Whether Alberta’s current legislative regime regulating CO2 will be seen as equivalent in the eyes of the Federal Government is unknown.

Since 2007, the Specified Gas Emitters Regulation (SGER) has applied to any facility in Alberta (not just coal-fired plants) with direct emissions of certain specified gases totalling 100,000 tonnes or more (CO2 equivalent) in 2003, or any subsequent year.

The specified gases include CO2, methane, nitrous oxide, hydrofluorocarbons and various other GHGs. It also applies to any facility whose activities fall within one or more of 35 enumerated activities, including the manufacturing, processing or storage of pulp and paper, petroleum products, natural gas, fertilizers, coal, heavy oil, oil sands, salt and chemicals, or other industrial purposes.

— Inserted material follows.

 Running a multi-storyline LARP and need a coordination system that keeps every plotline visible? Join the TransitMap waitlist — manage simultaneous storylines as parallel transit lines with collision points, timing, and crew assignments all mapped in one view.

SGER requires established facilities to reduce their emissions intensity by 12% per year from their government approved baseline emissions intensity limit, whereas the limits for new facilities varies depending on the year of commercial operation.

Unlike the Regulations, the SGER permits compliance in various ways: in-house reduction of the facility’s emissions to the regulated limits, utilizing emission offsets, making contributions to the Climate Change and Emissions Management Fund and/or utilizing performance credits from prior years.

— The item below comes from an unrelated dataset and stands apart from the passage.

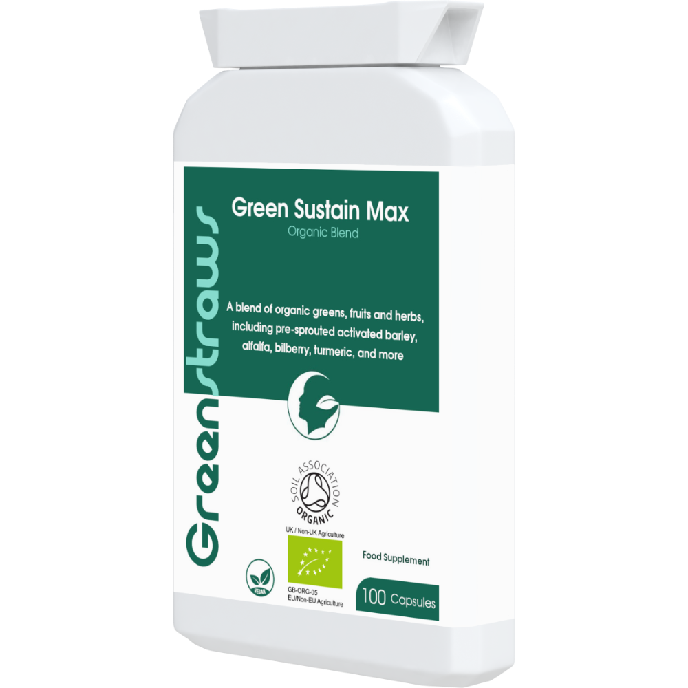 Green Sustain Max is a Soil Association-certified organic and vegan multi-nutrient blend, in easy-to-take capsules. The easiest and quickest way to organic fruits, berries, vegetables, sprouts, seeds and herbs, and bio-active enzymes on a daily basis with one convenient food supplement.

This market-based approach allows facilities to manage GHGs emissions across their entire fleet of operations and incorporates a cap and trade system. However, due to its flexibility, the SGER does not result in an absolute cap on CO2 emissions by coal-fired units per Gigawatt hour (GWh) in light of the ability to purchase offsets, obtain fund credits or utilize performance credits.

If Nova Scotia legislation becomes the benchmark for equivalency, it would be unlikely that the current SGER would be deemed equivalent. What remains to be seen is whether Alberta will revise its existing legislation in response to the Regulations to attempt to be seen as equivalent or whether coal-fired electrical generators in Alberta will, as a sector, bear the burden of the Regulations when they come into force in 2015.

Leanne Krawchuk is a partner at Fraser Milner Casgran LLP.